Progress 01/01/08 to 12/31/08

Outputs
OUTPUTS: Outputs for 2008 include installation of soil moisture and temperature sensors across the environmental gradient that represents the southern Arizona node of this project. Data loggers were monitored and data downloaded from all sites. Soil characterization work included characterizing bulk soil elemental composition and mineralogy. Outputs also include attendance at the 2008 Goldschmidt Conference in Vancouver, BC in June of 2008 where a poster was presented on this site. I also participated in the W1188 regional project meeting held at the University of Arizona and presented data from this project. This interaction will likely result in cooperation between the two regional projects. PARTICIPANTS: Nothing significant to report during this reporting period. TARGET AUDIENCES: Nothing significant to report during this reporting period. PROJECT MODIFICATIONS: Nothing significant to report during this reporting period.

Impacts
With the soil data collected to date a geochemical mass balance was coupled with radiocarbon and terrestrial cosmogenic nuclide analyses to constrain rates of carbon cycling and mineral weathering across the Sonoran Desert Environmental Gradient (SDEG). Regolith profiles were sampled from stable, upland positions in each of the ecosystems spanning the SDEG. Total elemental analysis of soil, saprolite and rock were used to calculate a geochemical mass balance for each soil profile. Soil carbon mean residence time and soil production rates were determined by radiocarbon analysis of bulk soil samples and 10Be content of saprolite layers, respectively Regolith data demonstrated significant variation in the relative importance of organic carbon cycling and mineral weathering with climate. X-ray diffraction indicated weathering reactions dominated by transformation of feldspar to kaolinite.
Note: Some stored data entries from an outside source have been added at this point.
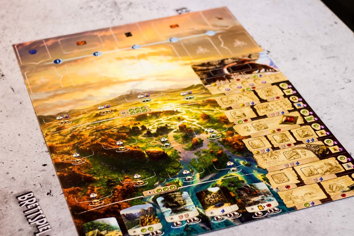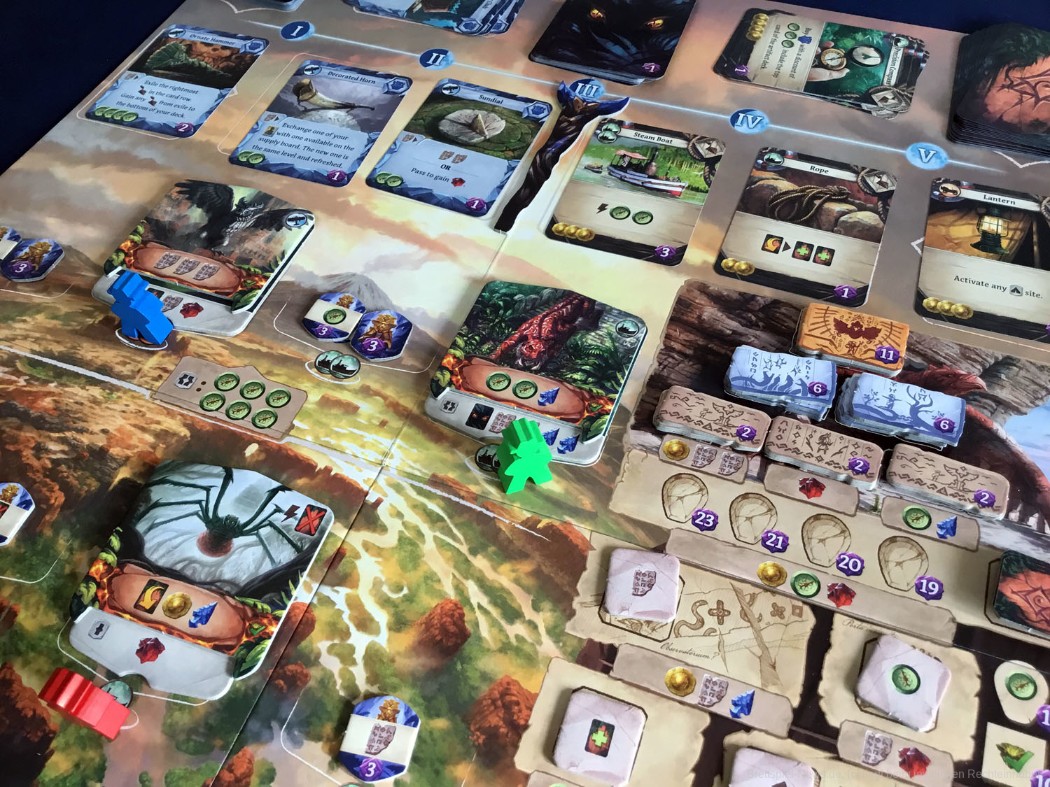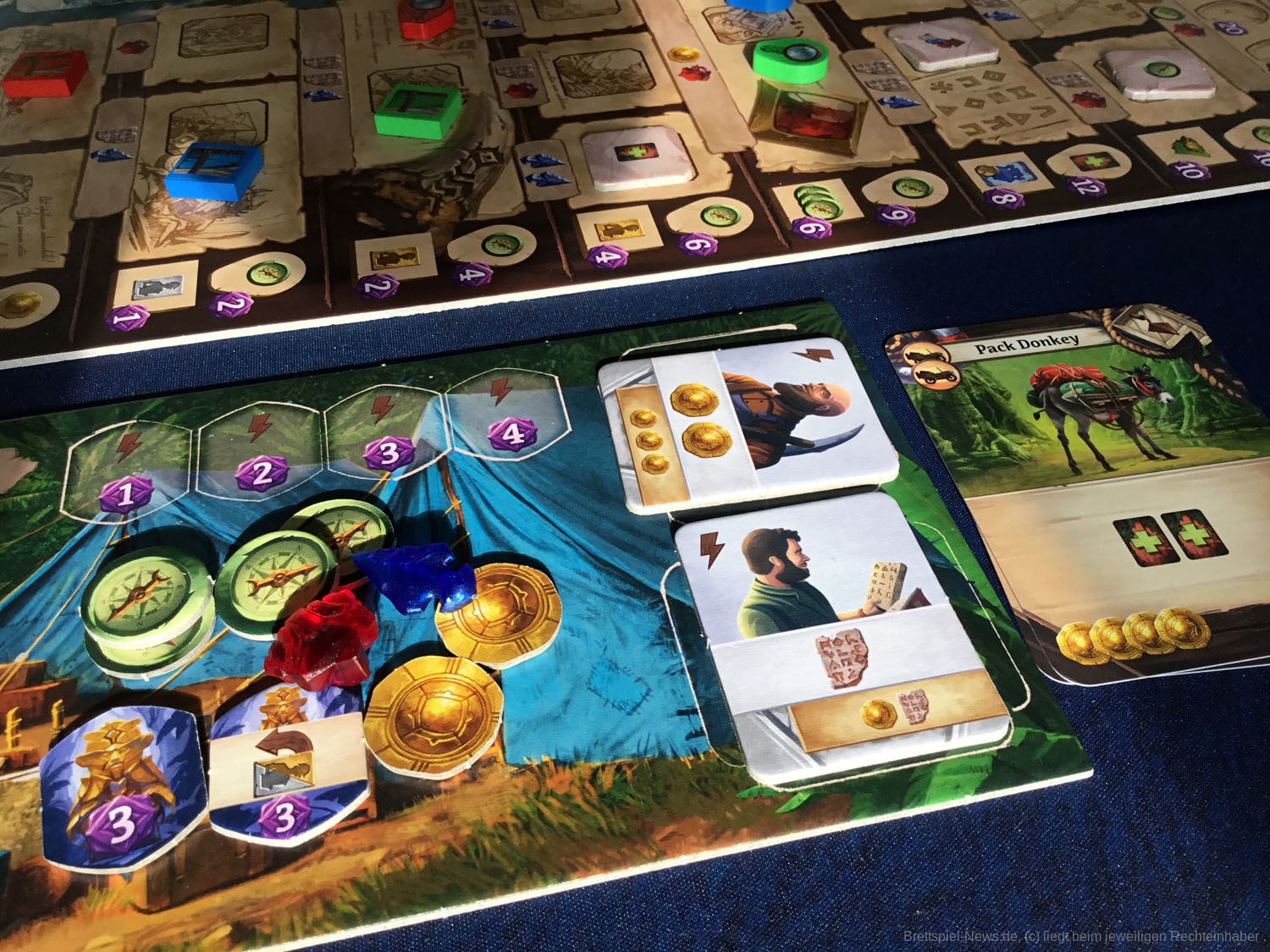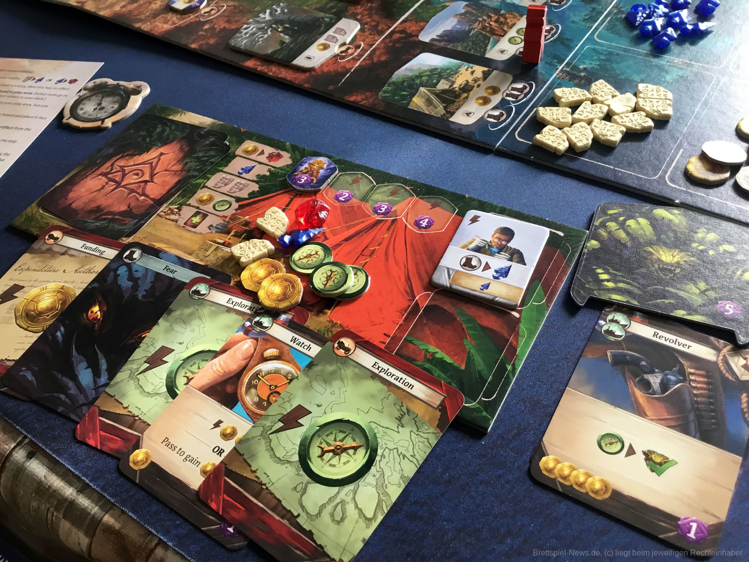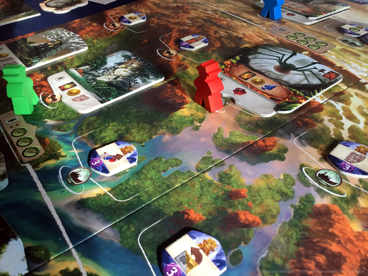 Im Kern ist das Spiel ein typisches Eurogame. Es werden Arbeiter eingesetzt, Ressourcen müssen gesammelt und Kosten bezahlt werden. Die Orte können immer nur von einem Spieler aufgesucht werden und so erstreckt sich die gesamte Interaktion mit anderen Spielern auf das Wegschnappen von Orten, Karten oder Plättchen. Das ist nicht schlimm, fühlt sich manchmal aber etwas einsam an. Ein echtes Abenteuer braucht eigentlich auch einen Gegenspieler und unerwartete Wendungen.
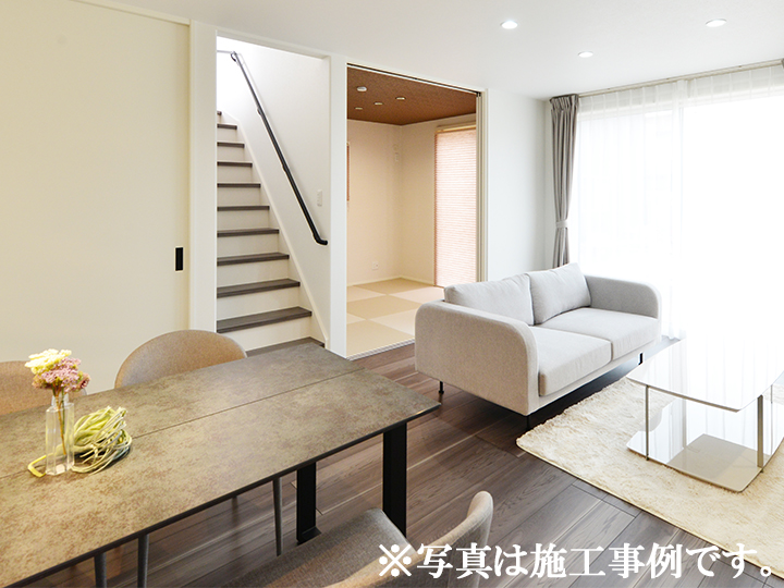 17帖LDKと3.75帖和室が一体となった、来客にも嬉しい開放感あふれるくつろぎ空間。 -
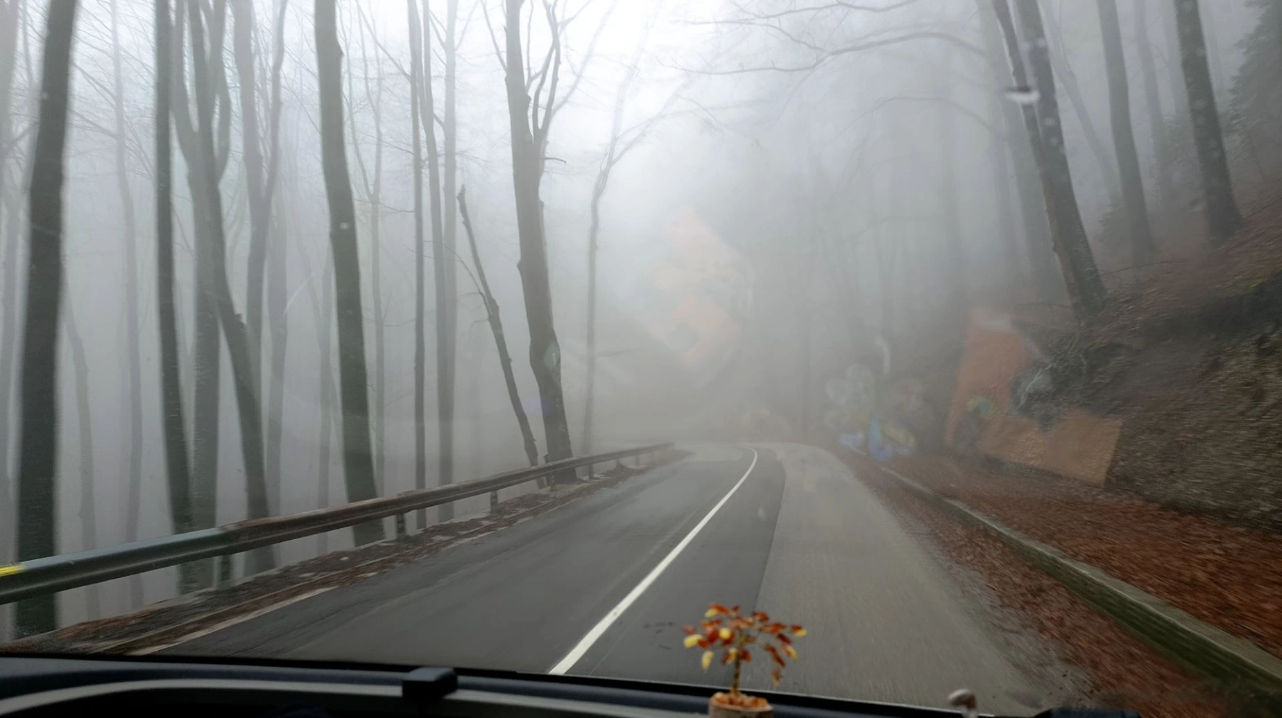 On s’engage sur une route de montagne et on est vite complètement entouré par le brouillard.

Radiocarbon data indicated rapid turnover of organic carbon, whereas 10Be data indicated moderate rates chemical denudation, suggesting feldspar weathering may dominate atmospheric CO2 sequestration in these systems.

Publications

  • Rasmussen, C. 2008. Mass balance of carbon cycling and mineral weathering across a semiarid environmental gradient, GEOCHIMICA ET COSMOCHIMICA ACTA, 72 : A778-A778 Supplement: Suppl. 1. Goldschmidt Meeting Abstract.